In evaluating substantial equivalence, FDA may consider patient preference information in conjunction with non-clinical and clinical testing. The totality of information helps inform FDA’s decision when it considers the overall benefit-risk profile of the implant device. Note that FDA performs a benefit-risk assessment in the 510(k) context when it determines whether the new device is “as safe and effective” as the predicate device after the Agency finds that the intended use of the new device and predicate device are the same and have different technological characteristics that do not raise different questions of safety and effectiveness if there are different technological characteristics.

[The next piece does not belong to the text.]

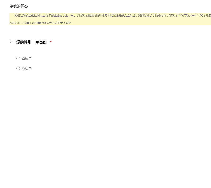 我们是学校正规社团太工青年创业社的学生,由于学校餐厅拥挤及校外外卖不能保证食品安全问题,我们得到了学校的允许,和餐厅合作启动了一个”餐厅外卖“的便民项目。现在希望大家能给一些宝贵的建议和意见,以便于我们更好的为广大太工学子服务。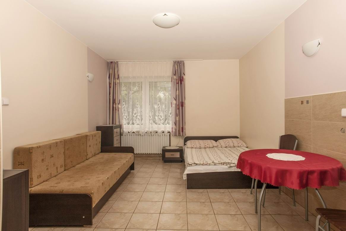 Apartament 1-pokojowy o powierzchni 29m2 posiada łóżko małżeńskie i łóżko jednoosobowe.

Labeling and Implant ID Card
Lastly, it is critical that patients are provided with implant information as it pertains to their devices. Manufacturers should create user-friendly instructions for use that facilitate patient understanding of potential risks over the expected lifespan of the implant. FDA offers a flexible approach to achieve this goal, suggesting that some information may be suitable for inclusion on an implant ID card for the patient or caregiver, while other information may be better communicated in a different format (e.g., separate patient labeling). Concerning the implant ID card, FDA recommends including basic information such as model name and manufacturer and important details concerning patient contacting materials, including those that may be associated with allergic reactions. FDA also recommends the implant ID card provide contact information in the event of malfunctions or adverse events. Finally, for magnetic resonance (MR) conditional implants, FDA recommends identifying those conditions for safe MR use.
We encourage sponsors of implant devices to carefully review the draft guidance, participate in the FDA’s webinar scheduled for October 26, 2023, and consider submitting comments on this draft guidance by December 6, 2023, through the provided link.